Edward Glaeser (courtesy Stephen Dodson and Ben Casnocha) asks what went wrong with Argentina:
A century ago, there were only seven countries in the world that were more prosperous than Argentina (Belgium, Switzerland, Britain and four former English colonies including the United States)… In 1909, per capita income in Argentina was 50 percent higher than in Italy, 180 percent higher than Japan, and almost five times higher than in neighboring Brazil. Over the course of the 20th century, Argentina’s relative standing in world incomes fell sharply. By 2000, Argentina’s income was less than half that of Italy or Japan.
It is one of the great mysteries of human development.
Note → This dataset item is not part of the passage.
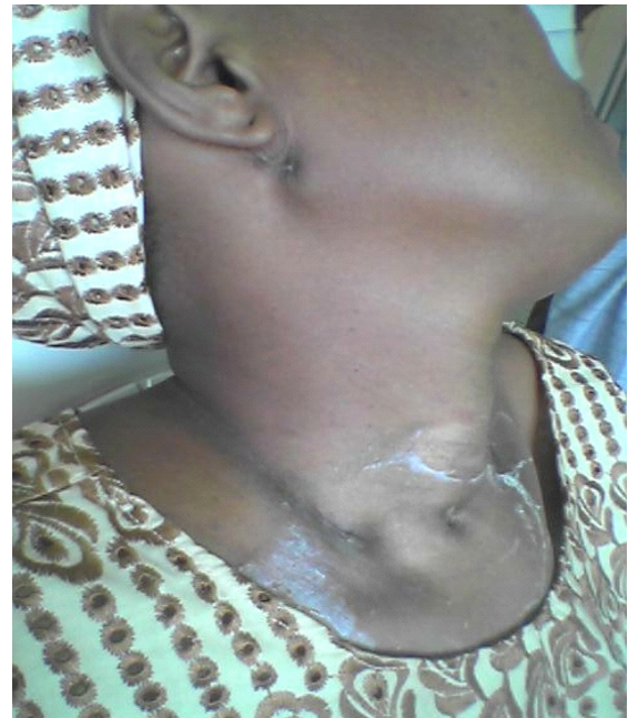
Fig III. Healed sinus formations.

The discharge from the abscess sites stopped and wound healed (fig 3). Patient was discharged after 22 days to the medical out patient clinic for continued management of the pulmonary tuberculosis.

Glaeser focuses his analysis on a comparison of Chicago and Buenos Aires. At first, the pairing seems compelling: both were transit hubs for farm goods coming from a productive rural hinterland to be processed for export. Both rose to prominence with a few revolutions in transportation that arrived during the back half of the nineteenth century – refrigerated railcars and steam-powered vessels – and both were magnets for immigration.
Glaeser’s research goes on to examine some subtle differences between the two cities’ settings – the Great Plains were better suited for corn and led to feedlot animals, and a corresponding focus on mechanization, while the pampas was lush and thinly populated and a perfect host for vast herds of cattle whose tending is a much lower value-added activity.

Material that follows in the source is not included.